Nació en Wilton House, cerca de Taunton, el 5 de agosto de 1809, y murió en Londres el 2 de ene­ro de 1891. Realizados los estudios de juris­prudencia en el Trinity College de Cam­bridge, actuó hasta 1856 como criminalis­ta, profesión que abandonó este año para dedicarse enteramente a la política y a la literatura. Tras un largo viaje a Pales­tina, Egipto y el Líbano escribió Eothen (1844, v.), una de las narraciones sobre viajes a Oriente más populares de la época; en la figura del protagonista se halla refle­jada la personalidad animada, multiforme y alegre del autor.

Luego estuvo con el ejér­cito francés en Argel (1845) y Crimea, don­de entabló amistad con el comandante in­glés lord Raglan y participó en la batalla de Alma. Vuelto a la patria, a instancias de lady Raglan dedicóse a la laboriosa compi­lación de Invasión of Crimea: its Origin, and its Progress down to the Death of Lord Raglan (1863-1887), apología y estudio com­pleto, al mismo tiempo, de la campaña de Crimea. La crítica contra Napoleón con­tenida en la obra provocó su prohibición en Francia durante el Segundo Imperio; en conjunto, y a pesar de su prolijidad y par­cialidad, sigue siendo uno de los principales textos históricos del siglo pasado.

A. Rizzardi

Hans Ernst Kinck

Nació en Oksfjord el 11 de octubre de 1865 y murió en Oslo el 13 del mismo mes de 1926. Es el representante más ilustre del movimiento neorromántico y nacional de Noruega durante el tránsito de uno a otro siglos. Todavía estudiante se interesó por las tradiciones populares y la antigua literatura nórdica. Graduado en 1890, enseñó algún tiempo en Cristianía, y luego trabajó en la biblioteca universitaria. Em­pezó a escribir de acuerdo con el naturalis­mo; sin embargo, las novelas Huldren (1892, v.) y Jóvenes [Ungt folk, 1893] presentan ya los temas que posteriormente habrían de prevalecer en la producción del autor: el alma popular y la oposición al racionalismo.
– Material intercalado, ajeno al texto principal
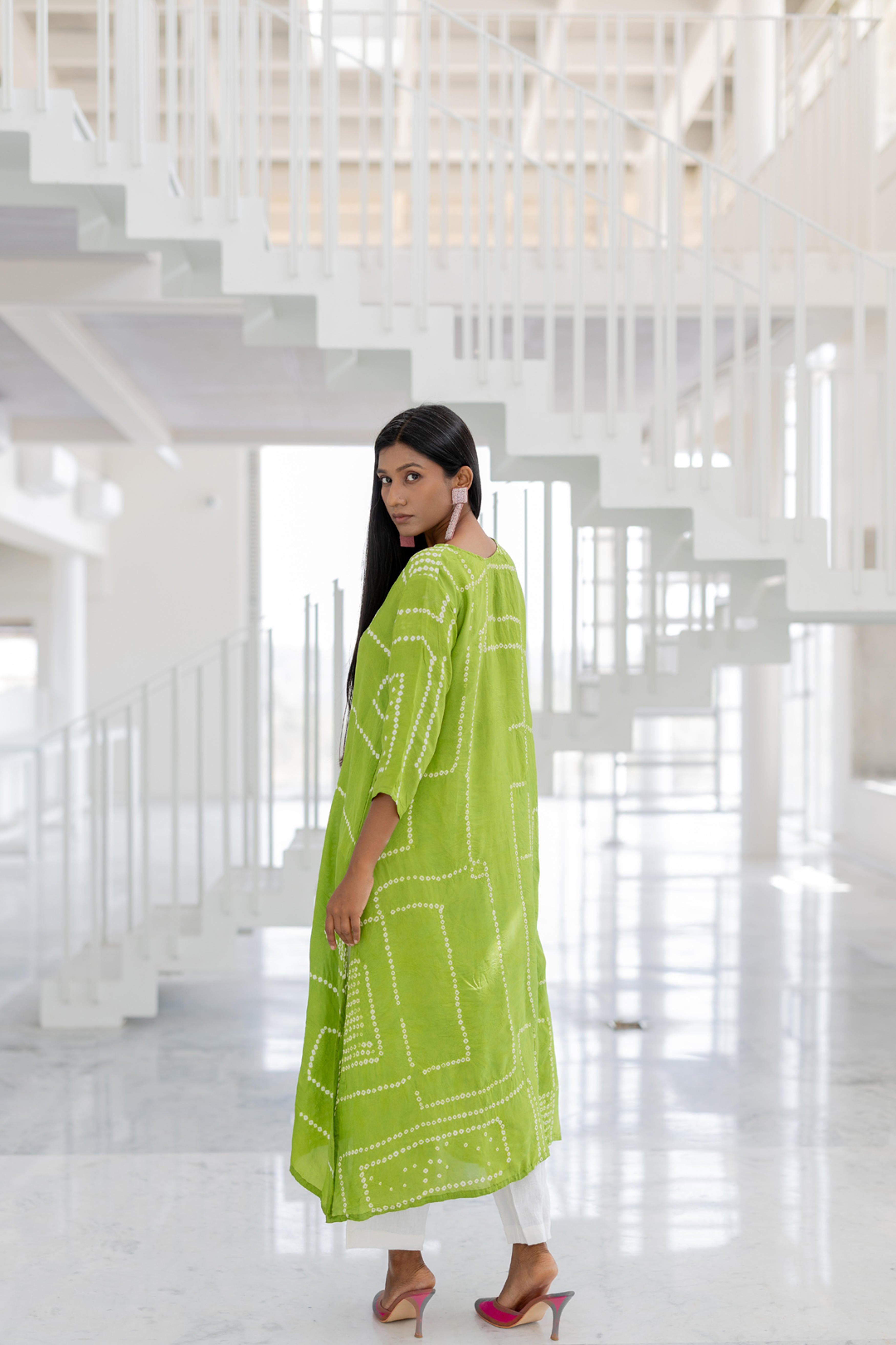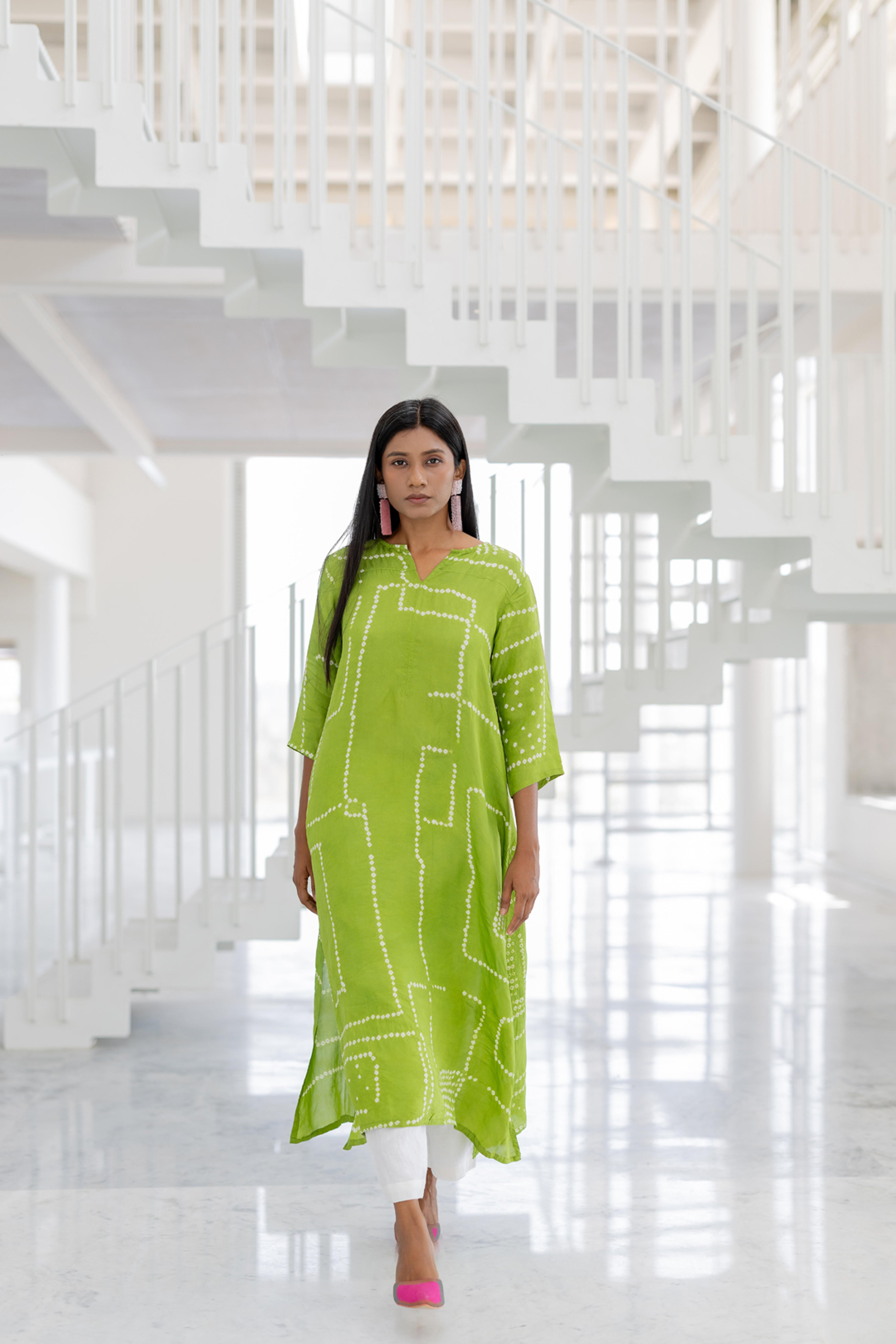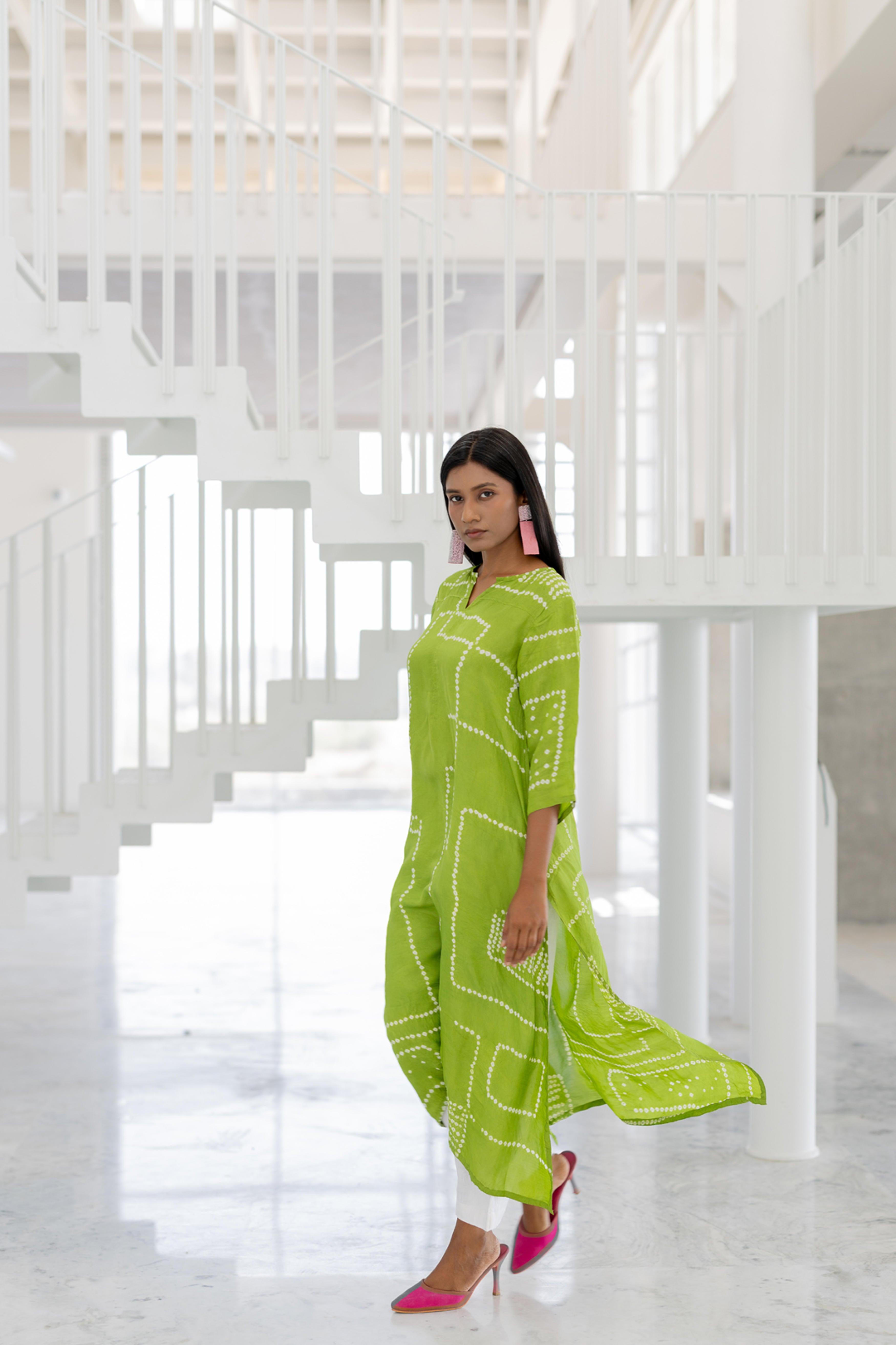 Step into effortless elegance with our Terra Green Bandhej Silk Kurta Set—a blend of comfort, style, and craftsmanship. This breezy kurta features a contemporary bandhani in a geometric pattern in fresh lime green, offering a modern yet artisanal touch. The relaxed silhouette ensures ease of movement, making it an ideal choice for casual outings or gatherings. Paired with white pants in pure linen fabric, this set can work for day time bruches as well as an evening out with family.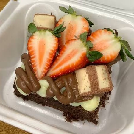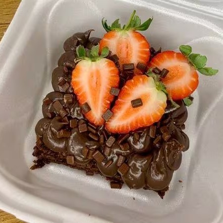 Brownies com uma generosa cobertura de creme de Ninho ou brigadeiro belga, fica a sua escolha. E um lindo enfeite de morangos frescos por cima. Se for presente nos avise, colocamos um lacinho ou um recadinho, como preferir!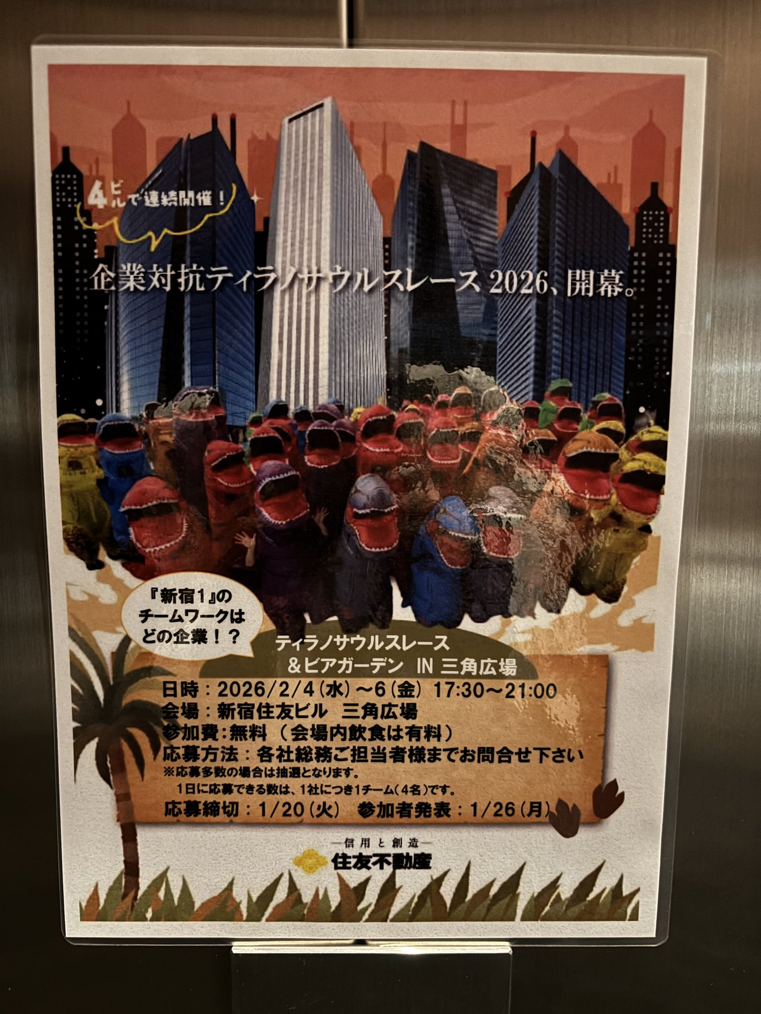 スマホの方は最下部に【サイドバー】を表示することにより全国のレース会場を確認できます。 2026年2月4日(水)~6日(金) 企業対抗ティラノサウルスレース 2026 ティラノサウルスレース&ビアガーデン IN 三角広場 東京都新宿区 13:東京 X Facebook LINE コピー 2025.12.022026.01.25 主催ホームページ 企業対抗ということで一般に募集はありません。 観覧はできるようですが、ビアガーデンということで有料になるのかと思われます ※レースの規模や雰囲気は主催者ホームページ等でご自身でご確認のほどよろしくお願いします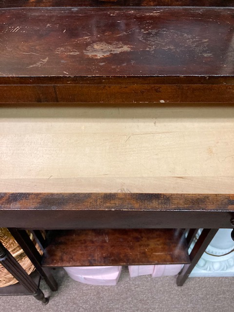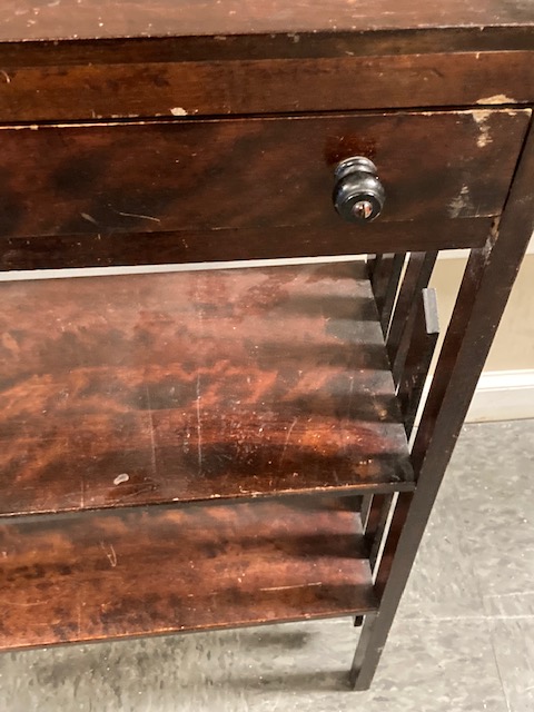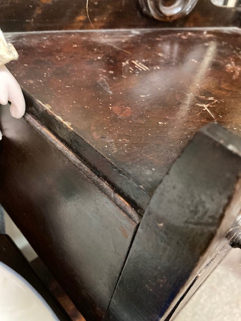 However, like too many antiques, it’s borne some surface damage over the years. I don’t know anything about refinishing furniture, but if done well, when the blemishes on top are cleaned up, you will have a truly beautiful piece, worth passing down through future generations.

En 1893 contrajo matrimonio con Minde Ramm, y pasó un año en París, donde co­noció a Hamsun y Lie y maduró el misti­cismo nacionalista y racista que en ade­lante inspiraría sus narraciones y novelas — Las alas del murciélago [Flaggermusvinger, 1895], El pastor [Driftekaren, 1908], Hermán Ek (1922).

En 1896 estuvo por vez primera en Italia, donde vivió en Roma hasta 1899 y en Florencia hasta 1903; este país, al que volvió repetidamente, y cuyo gobierno .por el fascismo vio con cierta simpatía — por lo menos al principio —, ins­piró gran parte de su producción narrativa (en la cual resulta característico el con­traste romántico entre el Norte pagano y heroico y el Sur cristiano y afeminado), los dramas eróticos (Las bodas de Genova [Brylluppet i Genua, 1911]) y los históricos de ambiente italiano, en los que el «genio de la estirpe» aparece concretado en la con­traposición entre Aretino (El último hués­ped [Den sidste Gjest, 1910]) y Maquiavelo (Hacia el carnaval [Mot kameval, 1915]), y numerosos ensayos y estudios sobre la cultura y la historia de Italia: Italianos [Italienare, 1904], Tierra antigua [Gammel Jord, 1907], La voz de la estirpe [Stammens Røst, 1919], Figuras del Renacimiento [Renaessance Mennesker, 1916]. Se le debe también un retrato histórico de Aretino: Un aventurero de la pluma [En Penneknegt, 1911]. De los dramas cabe citar, además, Agilulfo el sabio [Agilulf den Vise, 1906]. Los cuentos, donde Kinck se ve forzado a la brevedad, figuran tal vez entre lo mejor de su producción.